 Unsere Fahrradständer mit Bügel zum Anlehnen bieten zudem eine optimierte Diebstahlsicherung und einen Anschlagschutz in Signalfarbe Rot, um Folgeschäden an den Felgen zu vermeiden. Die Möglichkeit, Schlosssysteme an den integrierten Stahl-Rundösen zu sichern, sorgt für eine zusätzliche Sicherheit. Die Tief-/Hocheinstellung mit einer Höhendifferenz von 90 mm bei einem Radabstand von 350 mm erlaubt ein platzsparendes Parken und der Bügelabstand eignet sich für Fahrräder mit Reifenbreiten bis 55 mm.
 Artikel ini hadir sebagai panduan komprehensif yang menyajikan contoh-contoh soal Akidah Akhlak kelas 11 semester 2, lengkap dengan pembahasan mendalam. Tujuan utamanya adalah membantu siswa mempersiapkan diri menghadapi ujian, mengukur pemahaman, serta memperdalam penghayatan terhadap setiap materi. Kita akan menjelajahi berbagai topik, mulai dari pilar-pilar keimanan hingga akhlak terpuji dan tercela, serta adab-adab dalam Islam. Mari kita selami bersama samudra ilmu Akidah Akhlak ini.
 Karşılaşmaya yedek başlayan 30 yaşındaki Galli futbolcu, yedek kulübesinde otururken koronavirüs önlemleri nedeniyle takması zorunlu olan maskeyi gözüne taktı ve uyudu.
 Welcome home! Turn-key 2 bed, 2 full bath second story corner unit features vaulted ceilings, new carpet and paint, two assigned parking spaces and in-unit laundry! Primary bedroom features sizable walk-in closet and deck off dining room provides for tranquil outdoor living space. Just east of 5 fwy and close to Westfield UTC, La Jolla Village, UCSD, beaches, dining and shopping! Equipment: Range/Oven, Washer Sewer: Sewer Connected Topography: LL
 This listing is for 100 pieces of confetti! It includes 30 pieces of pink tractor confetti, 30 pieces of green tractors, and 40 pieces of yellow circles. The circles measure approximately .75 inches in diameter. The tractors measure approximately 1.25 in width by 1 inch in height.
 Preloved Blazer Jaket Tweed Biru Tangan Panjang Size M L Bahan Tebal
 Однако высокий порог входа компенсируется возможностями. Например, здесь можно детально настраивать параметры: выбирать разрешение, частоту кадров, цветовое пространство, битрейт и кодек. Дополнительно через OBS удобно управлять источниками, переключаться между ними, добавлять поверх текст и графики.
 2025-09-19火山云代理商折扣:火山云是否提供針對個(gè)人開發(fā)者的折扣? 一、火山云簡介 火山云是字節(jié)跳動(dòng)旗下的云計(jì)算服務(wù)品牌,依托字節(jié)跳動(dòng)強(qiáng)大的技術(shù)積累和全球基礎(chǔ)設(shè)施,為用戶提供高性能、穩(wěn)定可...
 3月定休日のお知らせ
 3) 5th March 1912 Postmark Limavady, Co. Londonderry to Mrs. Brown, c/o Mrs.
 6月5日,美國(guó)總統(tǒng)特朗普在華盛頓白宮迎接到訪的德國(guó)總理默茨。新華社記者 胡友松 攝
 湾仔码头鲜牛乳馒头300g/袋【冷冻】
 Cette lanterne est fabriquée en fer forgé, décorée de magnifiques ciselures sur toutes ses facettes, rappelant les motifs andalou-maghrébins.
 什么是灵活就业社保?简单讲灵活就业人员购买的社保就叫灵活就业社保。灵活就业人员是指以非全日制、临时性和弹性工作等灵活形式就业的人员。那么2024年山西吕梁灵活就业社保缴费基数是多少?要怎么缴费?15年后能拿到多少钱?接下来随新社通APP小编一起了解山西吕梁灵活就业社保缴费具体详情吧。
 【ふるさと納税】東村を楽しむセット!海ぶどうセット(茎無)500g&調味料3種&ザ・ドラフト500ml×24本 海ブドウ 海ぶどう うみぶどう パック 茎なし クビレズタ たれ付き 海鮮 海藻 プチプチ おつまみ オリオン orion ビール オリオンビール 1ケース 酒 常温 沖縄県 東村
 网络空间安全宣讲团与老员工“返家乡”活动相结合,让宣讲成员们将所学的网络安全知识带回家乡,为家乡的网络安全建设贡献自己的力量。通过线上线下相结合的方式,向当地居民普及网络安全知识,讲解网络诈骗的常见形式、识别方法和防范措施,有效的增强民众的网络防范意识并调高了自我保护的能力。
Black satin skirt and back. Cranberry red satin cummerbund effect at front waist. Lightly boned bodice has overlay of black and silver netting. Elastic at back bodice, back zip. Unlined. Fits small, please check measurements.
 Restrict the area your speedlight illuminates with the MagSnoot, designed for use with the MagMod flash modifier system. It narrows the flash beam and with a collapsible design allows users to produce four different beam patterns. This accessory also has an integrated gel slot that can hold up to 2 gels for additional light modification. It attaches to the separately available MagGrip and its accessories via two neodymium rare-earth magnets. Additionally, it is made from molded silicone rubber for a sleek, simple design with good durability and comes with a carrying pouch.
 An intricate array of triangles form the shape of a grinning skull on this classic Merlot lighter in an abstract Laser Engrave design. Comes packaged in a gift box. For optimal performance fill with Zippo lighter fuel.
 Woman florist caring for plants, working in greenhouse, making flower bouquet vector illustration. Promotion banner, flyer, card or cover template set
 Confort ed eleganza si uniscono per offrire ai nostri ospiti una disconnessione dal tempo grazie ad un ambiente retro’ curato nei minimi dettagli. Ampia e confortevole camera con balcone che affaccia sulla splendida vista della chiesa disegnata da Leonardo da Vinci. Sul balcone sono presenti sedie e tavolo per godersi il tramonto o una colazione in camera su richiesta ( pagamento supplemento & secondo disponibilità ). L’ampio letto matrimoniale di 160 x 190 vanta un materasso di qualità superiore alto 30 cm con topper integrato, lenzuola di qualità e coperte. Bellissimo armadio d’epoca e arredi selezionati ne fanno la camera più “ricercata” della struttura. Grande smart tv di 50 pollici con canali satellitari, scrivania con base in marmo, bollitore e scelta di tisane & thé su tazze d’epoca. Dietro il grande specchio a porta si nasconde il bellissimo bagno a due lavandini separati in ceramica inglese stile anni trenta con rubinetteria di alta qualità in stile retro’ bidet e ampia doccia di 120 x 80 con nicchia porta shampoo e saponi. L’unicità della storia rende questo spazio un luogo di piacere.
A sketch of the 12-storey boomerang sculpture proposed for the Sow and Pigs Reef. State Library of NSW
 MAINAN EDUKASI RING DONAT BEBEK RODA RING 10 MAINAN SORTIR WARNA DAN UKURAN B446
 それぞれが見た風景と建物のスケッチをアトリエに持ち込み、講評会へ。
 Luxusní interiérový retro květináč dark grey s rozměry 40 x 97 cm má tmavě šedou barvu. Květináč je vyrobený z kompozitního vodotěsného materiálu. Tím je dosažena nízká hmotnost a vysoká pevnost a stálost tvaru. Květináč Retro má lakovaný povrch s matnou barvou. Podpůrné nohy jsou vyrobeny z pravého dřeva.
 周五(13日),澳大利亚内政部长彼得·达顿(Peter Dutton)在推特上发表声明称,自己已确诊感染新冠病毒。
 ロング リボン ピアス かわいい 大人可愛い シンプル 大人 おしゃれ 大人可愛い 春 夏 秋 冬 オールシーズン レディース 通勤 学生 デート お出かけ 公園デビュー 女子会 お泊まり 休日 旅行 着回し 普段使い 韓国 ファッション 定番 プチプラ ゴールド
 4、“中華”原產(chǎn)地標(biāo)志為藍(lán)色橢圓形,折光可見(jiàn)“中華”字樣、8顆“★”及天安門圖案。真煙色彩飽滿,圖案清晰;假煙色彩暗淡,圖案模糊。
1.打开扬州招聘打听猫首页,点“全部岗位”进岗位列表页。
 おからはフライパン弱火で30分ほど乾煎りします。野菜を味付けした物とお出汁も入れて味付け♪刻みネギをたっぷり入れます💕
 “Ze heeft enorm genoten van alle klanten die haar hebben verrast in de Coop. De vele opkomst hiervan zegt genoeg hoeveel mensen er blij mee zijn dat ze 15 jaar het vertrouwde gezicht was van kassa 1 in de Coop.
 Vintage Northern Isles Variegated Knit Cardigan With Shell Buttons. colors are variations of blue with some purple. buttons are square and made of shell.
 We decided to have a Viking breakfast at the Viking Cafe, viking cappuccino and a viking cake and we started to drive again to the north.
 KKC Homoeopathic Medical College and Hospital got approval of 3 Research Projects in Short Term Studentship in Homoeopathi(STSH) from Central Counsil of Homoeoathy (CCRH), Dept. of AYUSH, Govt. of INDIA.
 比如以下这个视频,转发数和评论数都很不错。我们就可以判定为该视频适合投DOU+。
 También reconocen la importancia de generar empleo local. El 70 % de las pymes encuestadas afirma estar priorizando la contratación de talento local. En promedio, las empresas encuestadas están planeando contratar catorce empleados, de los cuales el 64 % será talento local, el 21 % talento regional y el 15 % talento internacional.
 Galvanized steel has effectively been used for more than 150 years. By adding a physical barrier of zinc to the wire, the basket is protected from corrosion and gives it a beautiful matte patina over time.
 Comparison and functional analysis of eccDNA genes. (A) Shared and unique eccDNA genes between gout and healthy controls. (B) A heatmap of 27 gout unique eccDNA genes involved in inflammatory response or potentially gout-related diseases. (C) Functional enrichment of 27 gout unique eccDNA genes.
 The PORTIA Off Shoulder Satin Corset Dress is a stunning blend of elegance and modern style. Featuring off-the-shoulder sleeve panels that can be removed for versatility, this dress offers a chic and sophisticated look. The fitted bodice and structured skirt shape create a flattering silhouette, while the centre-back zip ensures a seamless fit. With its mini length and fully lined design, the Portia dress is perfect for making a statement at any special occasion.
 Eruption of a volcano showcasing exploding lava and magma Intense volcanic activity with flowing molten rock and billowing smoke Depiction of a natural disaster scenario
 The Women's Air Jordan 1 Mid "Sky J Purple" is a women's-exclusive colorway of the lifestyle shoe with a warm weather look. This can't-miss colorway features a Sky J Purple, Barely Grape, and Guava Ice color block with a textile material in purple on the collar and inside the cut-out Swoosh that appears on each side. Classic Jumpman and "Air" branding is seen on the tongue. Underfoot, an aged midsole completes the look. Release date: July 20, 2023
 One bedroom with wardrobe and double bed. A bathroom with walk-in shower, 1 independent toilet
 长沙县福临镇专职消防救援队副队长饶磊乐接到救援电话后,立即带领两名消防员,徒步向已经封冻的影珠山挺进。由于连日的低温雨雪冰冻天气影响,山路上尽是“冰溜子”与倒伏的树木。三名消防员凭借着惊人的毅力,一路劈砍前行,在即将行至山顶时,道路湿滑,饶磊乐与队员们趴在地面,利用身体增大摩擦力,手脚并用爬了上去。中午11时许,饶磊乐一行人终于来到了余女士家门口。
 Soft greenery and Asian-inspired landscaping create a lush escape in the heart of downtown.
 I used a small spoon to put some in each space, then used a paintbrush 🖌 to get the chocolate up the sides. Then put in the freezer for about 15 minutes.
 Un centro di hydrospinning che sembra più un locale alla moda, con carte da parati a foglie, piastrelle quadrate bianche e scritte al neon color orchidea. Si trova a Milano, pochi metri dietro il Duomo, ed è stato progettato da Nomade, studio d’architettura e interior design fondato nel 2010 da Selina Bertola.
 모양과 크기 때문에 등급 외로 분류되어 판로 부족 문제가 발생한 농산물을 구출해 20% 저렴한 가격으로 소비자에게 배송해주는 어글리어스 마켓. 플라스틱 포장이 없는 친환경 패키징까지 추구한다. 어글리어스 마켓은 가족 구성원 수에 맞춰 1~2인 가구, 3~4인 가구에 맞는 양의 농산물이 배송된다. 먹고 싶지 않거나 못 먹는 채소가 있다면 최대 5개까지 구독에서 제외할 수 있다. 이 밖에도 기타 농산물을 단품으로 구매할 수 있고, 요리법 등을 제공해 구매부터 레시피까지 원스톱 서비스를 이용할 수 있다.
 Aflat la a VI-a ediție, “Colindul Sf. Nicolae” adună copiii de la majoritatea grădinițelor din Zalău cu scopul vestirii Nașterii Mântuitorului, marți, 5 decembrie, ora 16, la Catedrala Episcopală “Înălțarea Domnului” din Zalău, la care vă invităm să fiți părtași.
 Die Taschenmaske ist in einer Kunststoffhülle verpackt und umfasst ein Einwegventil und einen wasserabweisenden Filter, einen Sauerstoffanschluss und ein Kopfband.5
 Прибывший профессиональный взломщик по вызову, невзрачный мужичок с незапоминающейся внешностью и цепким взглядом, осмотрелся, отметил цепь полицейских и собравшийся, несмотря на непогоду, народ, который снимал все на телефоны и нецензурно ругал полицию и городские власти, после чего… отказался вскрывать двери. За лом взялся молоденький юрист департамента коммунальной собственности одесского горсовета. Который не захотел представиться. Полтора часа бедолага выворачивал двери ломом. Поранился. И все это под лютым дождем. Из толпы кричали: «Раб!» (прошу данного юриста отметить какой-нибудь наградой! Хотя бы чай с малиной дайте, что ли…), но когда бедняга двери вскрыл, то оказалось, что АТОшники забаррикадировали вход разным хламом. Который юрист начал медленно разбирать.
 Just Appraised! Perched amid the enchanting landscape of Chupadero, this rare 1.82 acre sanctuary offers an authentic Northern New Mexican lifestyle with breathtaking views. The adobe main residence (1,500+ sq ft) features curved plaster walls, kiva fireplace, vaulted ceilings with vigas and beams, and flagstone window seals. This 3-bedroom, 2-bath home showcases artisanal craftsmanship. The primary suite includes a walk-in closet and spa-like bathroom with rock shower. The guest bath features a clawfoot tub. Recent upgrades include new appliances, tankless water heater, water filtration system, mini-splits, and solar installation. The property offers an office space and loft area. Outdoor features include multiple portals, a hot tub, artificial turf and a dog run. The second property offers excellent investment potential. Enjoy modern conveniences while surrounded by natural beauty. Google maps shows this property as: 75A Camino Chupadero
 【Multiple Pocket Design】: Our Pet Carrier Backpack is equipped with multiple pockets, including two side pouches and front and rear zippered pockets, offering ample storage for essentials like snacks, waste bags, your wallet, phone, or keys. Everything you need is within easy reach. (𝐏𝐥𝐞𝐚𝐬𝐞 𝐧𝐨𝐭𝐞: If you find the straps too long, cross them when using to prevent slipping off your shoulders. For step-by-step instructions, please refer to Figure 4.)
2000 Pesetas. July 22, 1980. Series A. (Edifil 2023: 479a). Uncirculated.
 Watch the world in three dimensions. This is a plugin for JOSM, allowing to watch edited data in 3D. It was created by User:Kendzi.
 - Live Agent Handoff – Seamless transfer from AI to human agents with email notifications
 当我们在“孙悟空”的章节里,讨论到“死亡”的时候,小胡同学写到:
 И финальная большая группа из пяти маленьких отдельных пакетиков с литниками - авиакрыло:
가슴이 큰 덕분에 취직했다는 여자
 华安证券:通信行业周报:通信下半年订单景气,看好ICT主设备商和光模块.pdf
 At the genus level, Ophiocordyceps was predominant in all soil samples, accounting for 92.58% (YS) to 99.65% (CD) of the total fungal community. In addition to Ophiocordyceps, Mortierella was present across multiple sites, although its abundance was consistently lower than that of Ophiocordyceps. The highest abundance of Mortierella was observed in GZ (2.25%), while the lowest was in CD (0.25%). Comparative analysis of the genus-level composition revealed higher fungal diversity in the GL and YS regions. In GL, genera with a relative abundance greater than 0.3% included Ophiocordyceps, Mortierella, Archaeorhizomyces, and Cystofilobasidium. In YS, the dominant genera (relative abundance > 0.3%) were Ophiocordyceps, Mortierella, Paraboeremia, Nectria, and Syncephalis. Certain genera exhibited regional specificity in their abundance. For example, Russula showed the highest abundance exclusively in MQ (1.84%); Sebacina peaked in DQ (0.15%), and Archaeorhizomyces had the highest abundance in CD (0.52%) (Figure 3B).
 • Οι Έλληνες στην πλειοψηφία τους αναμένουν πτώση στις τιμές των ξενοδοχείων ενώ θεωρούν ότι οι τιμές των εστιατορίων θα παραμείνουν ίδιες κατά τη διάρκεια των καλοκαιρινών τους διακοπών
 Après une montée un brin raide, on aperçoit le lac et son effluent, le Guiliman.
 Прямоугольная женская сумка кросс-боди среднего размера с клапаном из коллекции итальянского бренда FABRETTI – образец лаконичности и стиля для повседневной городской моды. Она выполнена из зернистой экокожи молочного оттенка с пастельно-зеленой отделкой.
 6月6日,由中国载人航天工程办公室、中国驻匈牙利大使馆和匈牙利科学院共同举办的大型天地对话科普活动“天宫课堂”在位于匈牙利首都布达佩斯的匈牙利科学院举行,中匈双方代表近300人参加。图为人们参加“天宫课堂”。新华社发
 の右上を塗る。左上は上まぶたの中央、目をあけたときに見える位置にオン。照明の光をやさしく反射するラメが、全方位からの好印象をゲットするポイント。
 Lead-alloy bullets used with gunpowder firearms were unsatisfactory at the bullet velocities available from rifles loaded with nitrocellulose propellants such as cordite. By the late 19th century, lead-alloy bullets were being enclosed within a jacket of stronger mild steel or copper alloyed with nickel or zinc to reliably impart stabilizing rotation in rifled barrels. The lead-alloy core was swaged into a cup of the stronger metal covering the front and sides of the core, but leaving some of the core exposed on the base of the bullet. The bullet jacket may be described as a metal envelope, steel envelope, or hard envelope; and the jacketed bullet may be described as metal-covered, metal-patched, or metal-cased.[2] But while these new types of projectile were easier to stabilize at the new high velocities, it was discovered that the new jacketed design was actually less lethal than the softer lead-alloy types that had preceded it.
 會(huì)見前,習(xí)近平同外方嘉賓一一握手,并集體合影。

* * * * * * * * *

TASK OBJECTIVE
Considering only the material above, set down every line from the one with "Luxusní interiérový retro" to the one with "比如以下这个视频,转发数和评", inclusive, exactly as written.

REPLY TO THE EXERCISE
 Luxusní interiérový retro květináč dark grey s rozměry 40 x 97 cm má tmavě šedou barvu. Květináč je vyrobený z kompozitního vodotěsného materiálu. Tím je dosažena nízká hmotnost a vysoká pevnost a stálost tvaru. Květináč Retro má lakovaný povrch s matnou barvou. Podpůrné nohy jsou vyrobeny z pravého dřeva.
 周五(13日),澳大利亚内政部长彼得·达顿(Peter Dutton)在推特上发表声明称,自己已确诊感染新冠病毒。
 ロング リボン ピアス かわいい 大人可愛い シンプル 大人 おしゃれ 大人可愛い 春 夏 秋 冬 オールシーズン レディース 通勤 学生 デート お出かけ 公園デビュー 女子会 お泊まり 休日 旅行 着回し 普段使い 韓国 ファッション 定番 プチプラ ゴールド
 4、“中華”原產(chǎn)地標(biāo)志為藍(lán)色橢圓形,折光可見(jiàn)“中華”字樣、8顆“★”及天安門圖案。真煙色彩飽滿,圖案清晰;假煙色彩暗淡,圖案模糊。
1.打开扬州招聘打听猫首页,点“全部岗位”进岗位列表页。
 おからはフライパン弱火で30分ほど乾煎りします。野菜を味付けした物とお出汁も入れて味付け♪刻みネギをたっぷり入れます💕
 “Ze heeft enorm genoten van alle klanten die haar hebben verrast in de Coop. De vele opkomst hiervan zegt genoeg hoeveel mensen er blij mee zijn dat ze 15 jaar het vertrouwde gezicht was van kassa 1 in de Coop.
 Vintage Northern Isles Variegated Knit Cardigan With Shell Buttons. colors are variations of blue with some purple. buttons are square and made of shell.
 We decided to have a Viking breakfast at the Viking Cafe, viking cappuccino and a viking cake and we started to drive again to the north.
 KKC Homoeopathic Medical College and Hospital got approval of 3 Research Projects in Short Term Studentship in Homoeopathi(STSH) from Central Counsil of Homoeoathy (CCRH), Dept. of AYUSH, Govt. of INDIA.
 比如以下这个视频,转发数和评论数都很不错。我们就可以判定为该视频适合投DOU+。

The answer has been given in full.